Problem statement >>
Once the images are removed, set down everything else in the listing below exactly.

Data shown >>
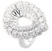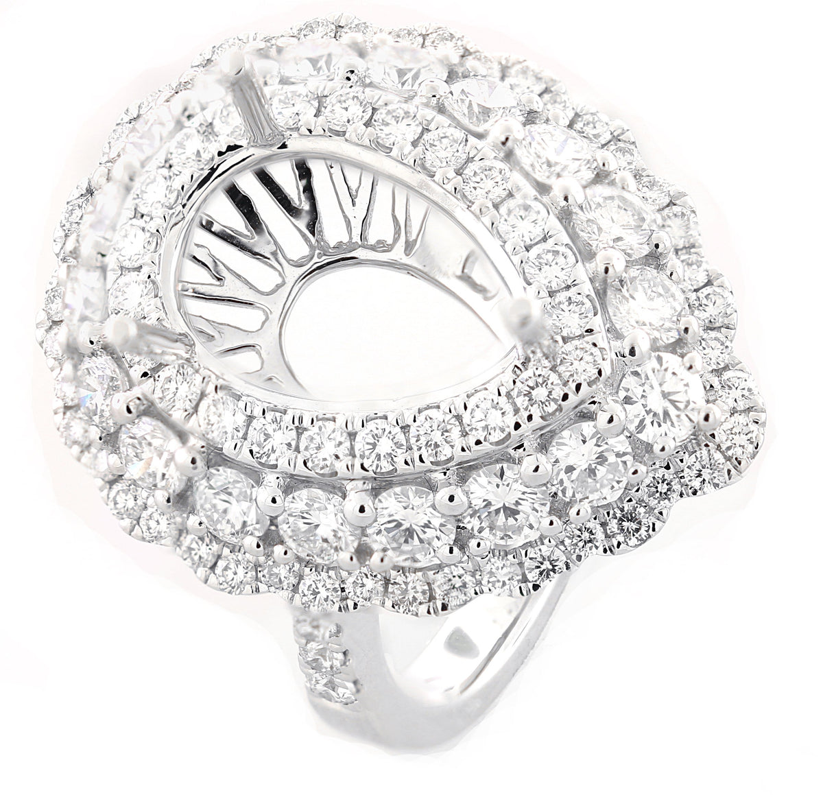 18kt white gold micro pave set and mutual prong set round brilliant three row pear shape halo semi mount (third row has a scalloped edge)
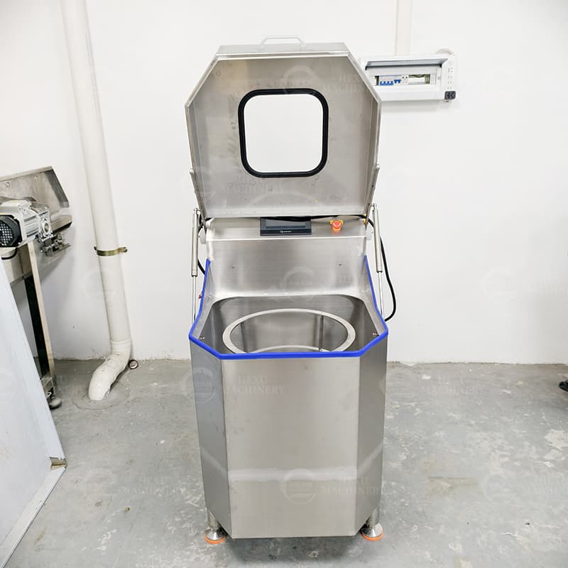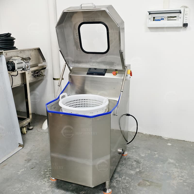 This vegetable dewatering machine uses a maximum of 1440rpm high-speed rotation to quickly dry the surface moisture of vegetables. The body is made of 304 stainless steel, and the PLC control panel can be selected to set the dehydration frequency and time, which is suitable for a variety of different materials, with stable operation and high degree of dehydration.
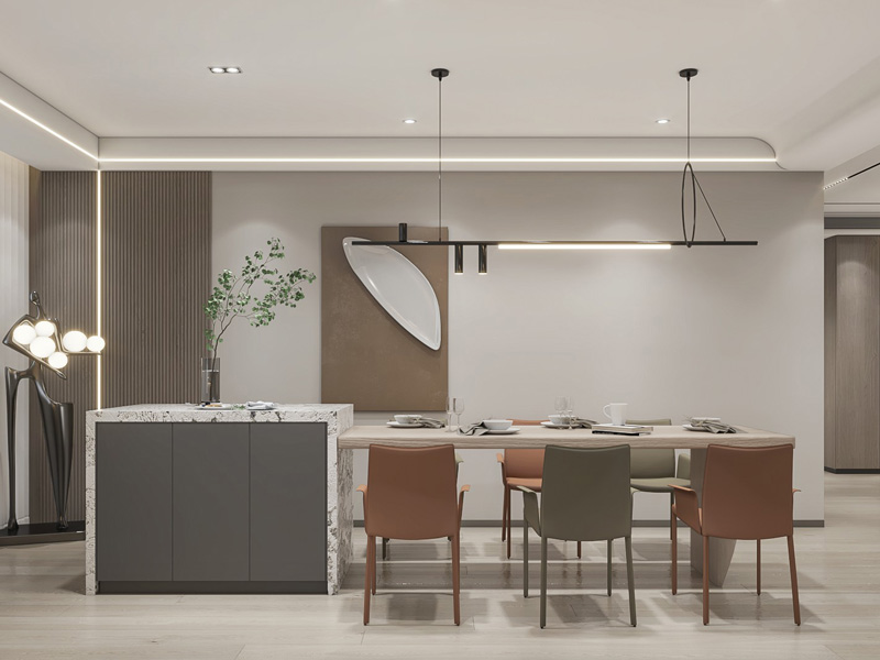 餐厅区域的设计应该考虑到日常生活使用的需求,为就餐提供一个舒适、便利且美观的环境。

Solution to this exercise >>
 18kt white gold micro pave set and mutual prong set round brilliant three row pear shape halo semi mount (third row has a scalloped edge)
 This vegetable dewatering machine uses a maximum of 1440rpm high-speed rotation to quickly dry the surface moisture of vegetables. The body is made of 304 stainless steel, and the PLC control panel can be selected to set the dehydration frequency and time, which is suitable for a variety of different materials, with stable operation and high degree of dehydration.
 餐厅区域的设计应该考虑到日常生活使用的需求,为就餐提供一个舒适、便利且美观的环境。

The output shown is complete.